Ninth Circuit Clarifies First Amendment Rights of Public University Professors
When I write about professors acting badly, like William S. Penn of Michigan State University or Erik Loomis of the University of Rhode Island, readers argue about whether taxpayer-funded public university professors should or can be fired for their speech.
Yesterday, in Demers v. Austin, the Ninth Circuit clarified the state of the law on that topic. The opinion — uploaded here — represents a significant clarification of the free speech rights of public university professors, often a matter of some controversy.
Explaining the opinion requires some background. Get a drink and hang on. This will hurt.

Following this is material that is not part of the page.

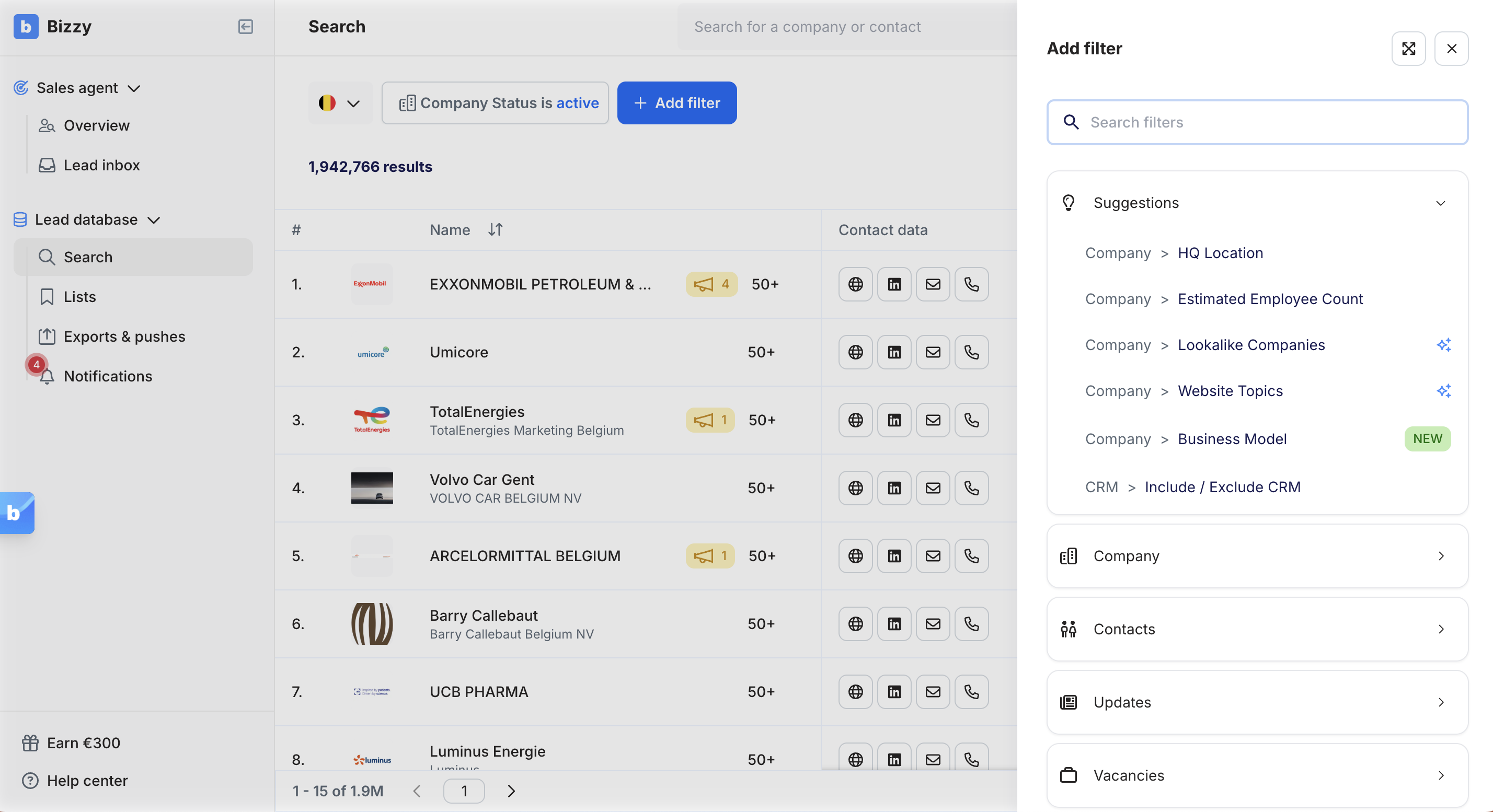 Filters in Bizzy helpen je om je zoekresultaten te verfijnen binnen onze bedrijvendatabase, die alle bestaande bedrijven bevat in het land waarin je zoekt. Ze helpen je om prospectlijsten op te bouwen die overeenkomen met je Ideal Customer Profile (ICP) en om je te focussen op de organisaties en contactpersonen die het meest relevant zijn voor je doelmarkt.
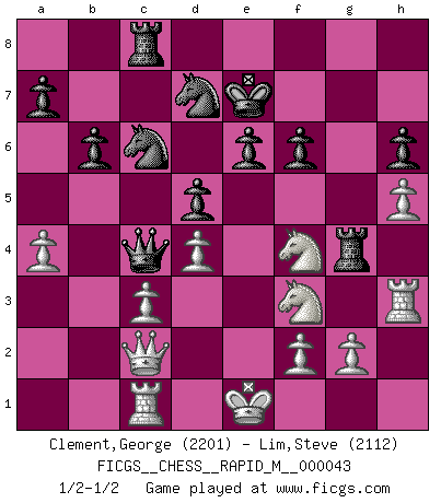 Last move : 1/2-1/2 2011 July 9 17:36:6 [Event "FICGS__CHESS__RAPID_M__000043"] [Site "FICGS"] [Date "2011.06.11"] [Round "1"] [White "Clement,George"] [Black "Lim,Steve"] [Result "1/2-1/2"] [WhiteElo "2201"] [BlackElo "2112"] 1.e4 e6 2.d4 d5 3.Nc3 Nf6 4.Bg5 Be7 5.e5 Nfd7 6.h4 c5 7.Bxe7 Kxe7 8.Nf3 Qb6 9.Na4 Qa5+ 10.c3 b6 11.a3 c4 12.b4 cxb3 13.Qxb3 Ba6 14.Bxa6 Qxa6 15.Nb2 Rc8 16.Qc2 h6 17.Rh3 Nc6 18.h5 Rg8 19.Nd3 Rac8 20.a4 Qc4 21.Rc1 f6 22.exf6+ gxf6 23.Nf4 Rg4 1/2-1/2 French : Albin-Alekhine-Chatard attack, Breyer variation This chess game ended in a draw. Follow this game move after move (download)Up to this point White has been following well-known analysis. But now he makes a fatal error: he begins to use his own head. (Siegbert Tarrasch) Ich würde mich als ganz normalen Jungen bezeichnen [Im Alter von 12]. (Sergej Karjakin) Coloca el contenido del tablero de Ajedrez en un sombrero, agita las piezas vigorosamente, derrámalas en el tablero desde una altura de medio metro y así obtienes el estilo de Wilhelm Steinitz. (H. E. Bird) Les Cavaliers se révèlent fort utiles dans les positions fermées. D'habitude, les Fous sont un peu plus forts que les Cavaliers dans les positions ouvertes. Qu'on le veuille ou non, il restera toujours des exceptions ! Beep ! (R2D2 in Star Wars ep.3)

The Default Situation: The State Can't Punish You For Most Speech
Say you want to say "[Politician X]" is an ass." Generally, under the First Amendment, the state can't punish you for that. Sure, there are some reasonable time, place, and manner restrictions — you can't repeatedly scream it in the waiting room at the hospital where Politician X is having his syphilis treatment, or chant it in the courtroom during his arraignment for insider trading — but generally you can't be jailed for it or have your state benefits taken away for it.
Employment Is Different
But the state, bless its addled head, can wear more than one hat in its relationship to you. The state can relate to you as a citizen — in which case you have all the rights that everyone else does — or as an employee — in which case you don't, exactly. As a citizen, you can say "[Politician X] is an ass," but if you work for [Politician X], you have to wait until you leave and write your book or get interviewed on Fox.

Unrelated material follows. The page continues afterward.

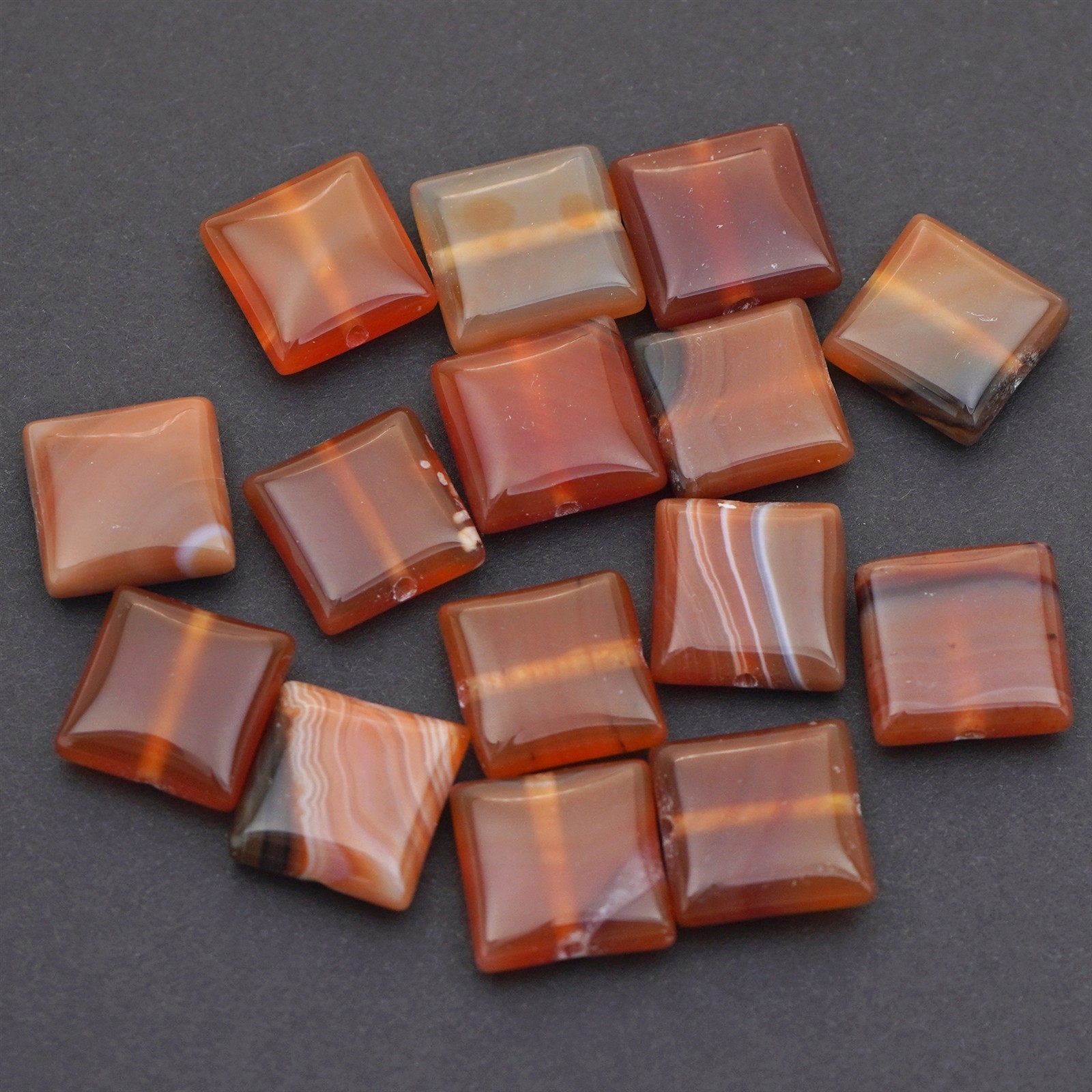 15 small flat square carnelian beads red semiprecious stone avg 12mm

The Supreme Court has repeatedly held that, even when wearing its employer's hat, the state can't fire you for any reason it wants. On the other hand, the state as employer has a legitimate interest in keeping order in the workplace. As the Court said in 1968:
To the extent that the [lower court's] opinion may be read to suggest that teachers may constitutionally be compelled to relinquish the First Amendment rights they would otherwise enjoy as citizens to comment on matters of public interest in connection with the operation of the public schools in which they work, it proceeds on a premise that has been unequivocally rejected in numerous prior decisions of this Court. . . . . At the same time, it cannot be gainsaid that the State has interests as an employer in regulating the speech of its employees that differ significantly from those it possesses in connection with regulation of the speech of the citizenry in general. The problem in any case is to arrive at a balance between the interests of the teacher, as a citizen, in commenting upon matters of public concern and the interest of the State, as an employer, in promoting the efficiency of the public services it performs through its employees.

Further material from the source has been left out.